- _Exercise_
Would you write out the listing verbatim and skip every picture in it?

- _Dataset content_
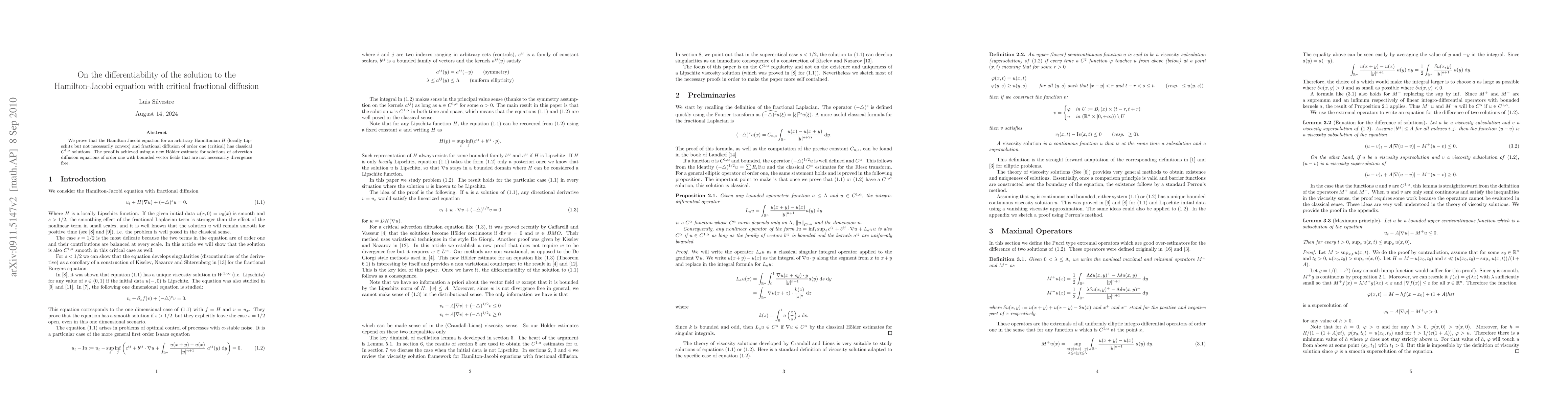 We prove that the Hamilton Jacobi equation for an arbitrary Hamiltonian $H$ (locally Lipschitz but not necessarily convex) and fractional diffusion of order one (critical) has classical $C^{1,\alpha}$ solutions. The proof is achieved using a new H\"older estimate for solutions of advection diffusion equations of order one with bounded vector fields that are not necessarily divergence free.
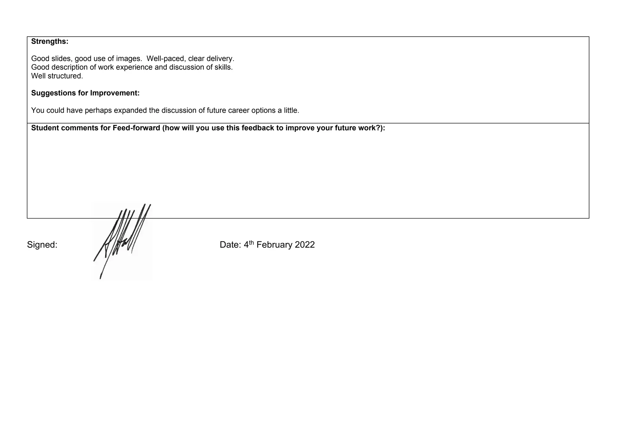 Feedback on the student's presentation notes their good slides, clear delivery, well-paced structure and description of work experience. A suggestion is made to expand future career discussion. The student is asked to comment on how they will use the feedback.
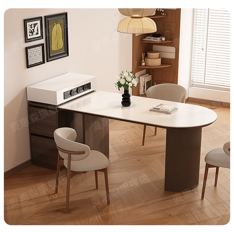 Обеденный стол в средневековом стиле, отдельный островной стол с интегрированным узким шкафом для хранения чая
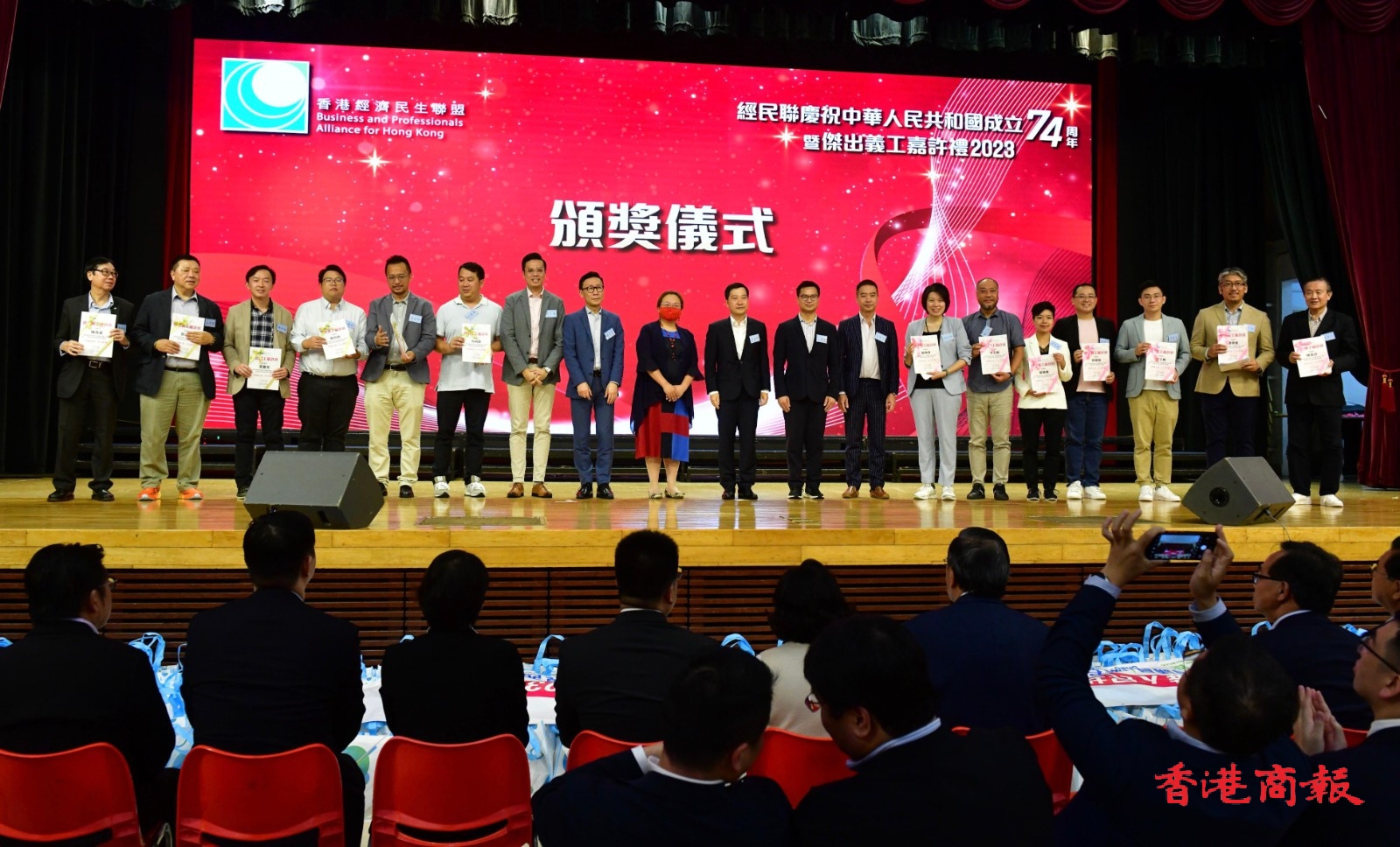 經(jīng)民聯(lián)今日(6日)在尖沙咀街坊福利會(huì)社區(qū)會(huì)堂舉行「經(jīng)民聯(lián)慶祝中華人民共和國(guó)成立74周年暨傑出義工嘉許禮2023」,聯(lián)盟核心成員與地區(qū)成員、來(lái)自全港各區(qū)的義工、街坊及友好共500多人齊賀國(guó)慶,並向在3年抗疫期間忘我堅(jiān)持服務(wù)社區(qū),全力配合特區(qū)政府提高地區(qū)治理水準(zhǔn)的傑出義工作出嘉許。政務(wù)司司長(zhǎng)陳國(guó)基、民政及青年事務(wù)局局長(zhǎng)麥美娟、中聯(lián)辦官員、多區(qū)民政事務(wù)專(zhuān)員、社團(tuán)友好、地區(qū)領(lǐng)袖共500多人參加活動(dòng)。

- _Answer below_
 We prove that the Hamilton Jacobi equation for an arbitrary Hamiltonian $H$ (locally Lipschitz but not necessarily convex) and fractional diffusion of order one (critical) has classical $C^{1,\alpha}$ solutions. The proof is achieved using a new H\"older estimate for solutions of advection diffusion equations of order one with bounded vector fields that are not necessarily divergence free.
 Feedback on the student's presentation notes their good slides, clear delivery, well-paced structure and description of work experience. A suggestion is made to expand future career discussion. The student is asked to comment on how they will use the feedback.
 Обеденный стол в средневековом стиле, отдельный островной стол с интегрированным узким шкафом для хранения чая
 經(jīng)民聯(lián)今日(6日)在尖沙咀街坊福利會(huì)社區(qū)會(huì)堂舉行「經(jīng)民聯(lián)慶祝中華人民共和國(guó)成立74周年暨傑出義工嘉許禮2023」,聯(lián)盟核心成員與地區(qū)成員、來(lái)自全港各區(qū)的義工、街坊及友好共500多人齊賀國(guó)慶,並向在3年抗疫期間忘我堅(jiān)持服務(wù)社區(qū),全力配合特區(qū)政府提高地區(qū)治理水準(zhǔn)的傑出義工作出嘉許。政務(wù)司司長(zhǎng)陳國(guó)基、民政及青年事務(wù)局局長(zhǎng)麥美娟、中聯(lián)辦官員、多區(qū)民政事務(wù)專(zhuān)員、社團(tuán)友好、地區(qū)領(lǐng)袖共500多人參加活動(dòng)。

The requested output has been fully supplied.